Monday, August 20, 2012
Perhaps that's a small thing of which to be reminded, but I think doing so can serve a valuable purpose, especially today, on the 122nd anniversary of Lovecraft's birth. Like so many cultural icons, I think it's all too easy to forget that Lovecraft was a human being before he became a geek totem. He was born into a particular family at a particular place and time and he lived a life apart from his having been one of the supremely influential writers of the 20th century.
Too often, I feel, HPL the Man is forgotten in favor of HPL the Legend and, while I, of all people, certainly don't object to the lionization of Lovecraft, we must never lose sight of the person behind the writing. He had his virtues and his flaws, like all men do, and they both contributed to making him the writer that he was, a writer who continues to fascinate and frustrate more than a century after his birth. That's probably why, as I get older, I find myself reading and re-reading books about Lovecraft's life as much as books containing Lovecraft's stories.

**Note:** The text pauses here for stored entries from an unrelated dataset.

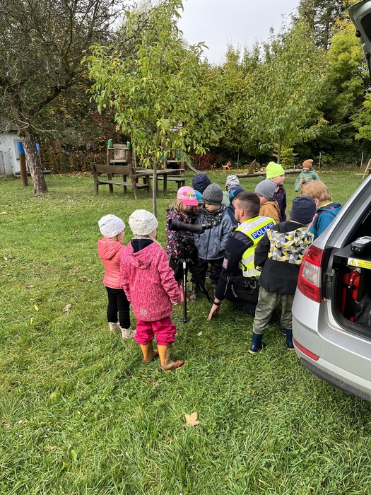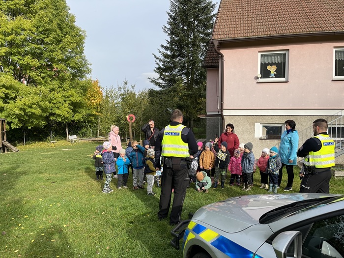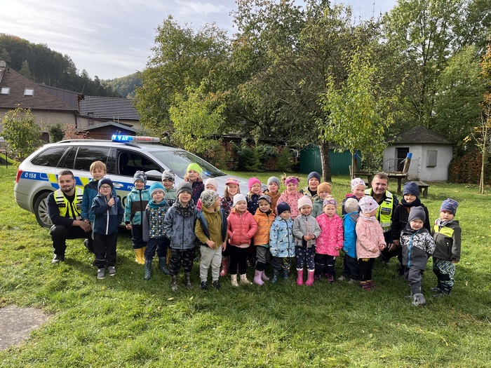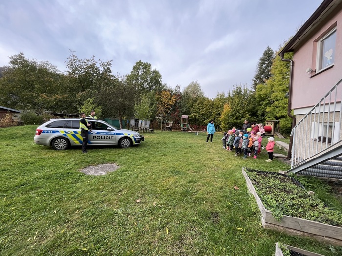 V úterý 24.10. nás na školkové zahradě navštívila hlídka dopravní policie. Pan policista si nejdříve s děti povídal o bezpečném chování na silnicích - přecházení, jízda na kole nebo koloběžce, povinné ochranné vybavení. Poté si s dětmi povídal i o bezpečné jízdě v autě. Děti věděly, že v autě musí sedět v sedačce, že musí být připoutané ony i rodiče. To že se za volantem nesmí telefonovat děti také věděly, tak si vše s panem policistou jen zopakovaly. Pak už nastal čas vyzkoušet si policejní čepici, nechat si nasadit pouta, nebo se podívat policejním dalekohledem až na hrad. Nejvíce se však dětem líbilo výstražné zvukové zařízení na policejním autě. Se zapnutými majáky a houkáním se s námi policisté i rozloučili a děti odcházely do školky plné zážitků.
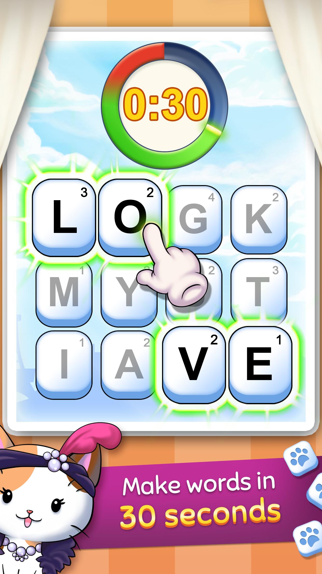 Miaou! Search as many words as you can in 30 seconds. Earn cat coins to complete your collection of cats and share your favourite words with your family and loved ones..
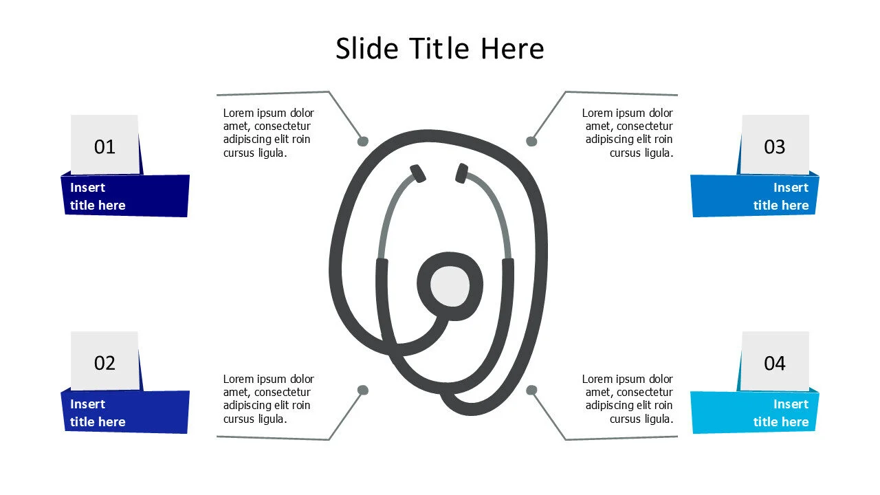 4-Point Twisted Stethoscope Infographic. A creative, circular design for listing diagnostic steps or health assessment criteria.
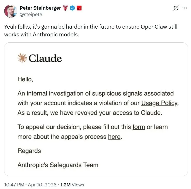 OpenClaw创建者彼得·斯坦伯格周五清晨在X平台发帖称,其Anthropic账号因“可可疑活动”被暂停,并附上相关截图。他写道:“是的伙计们,未来要确保OpenClaw仍能与Anthropic模型兼容将会更加困难。”不过这次封禁并未持续太久,数小时后账号已恢复。
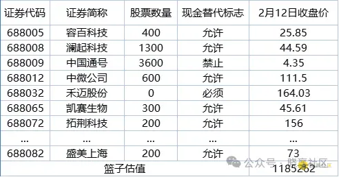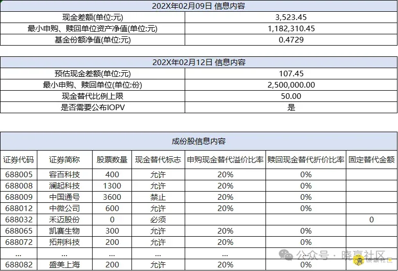 某上证科创50ETF(以下简称A基金)2月12日的PCF清单:
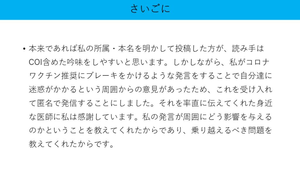 #47. 本来であれば私の所属・本名を明かして投稿した方が、読み手はCOI含めた吟味をしやすいと思います。しかしながら、私がコロナワクチン推奨にブレーキをかけるような発言をすることで自分達に迷惑がかかるという周囲からの意見があったため、これを受け入れて匿名で発信することにしました。それを率直に伝えてくれた身近な医師に私は感謝しています。私の発言が周囲にどう影響を与えるのかということを教えてくれたからであり、乗り越えるべき問題を教えてくれたからです。 さいごに
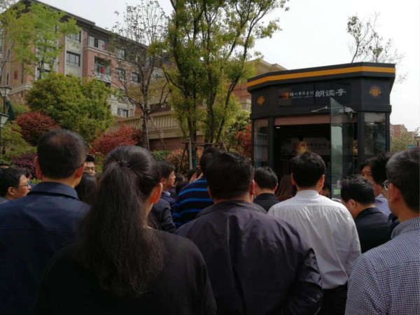 黃金地段書香清遠(yuǎn)。近日,在揚(yáng)參加中宣部社會主義核心價值觀宣傳教育工作培訓(xùn)班的全國各地學(xué)員150多人,在市委常委、宣傳部長姜龍陪同下,參觀了華建上院城市書房。

It's also probably Lovecraft's letters hold so much interest; even moreso than his stories, his correspondence opens windows into the man, warts and all.
None of this is meant to deny the lasting interest and power of Lovecraft's literary output, but I thought today, when so many of us will take a moment to praise HPL as the creator of the Cthulhu Mythos and the father of modern horror, it'd be appropriate to remember him as more than that: a human being.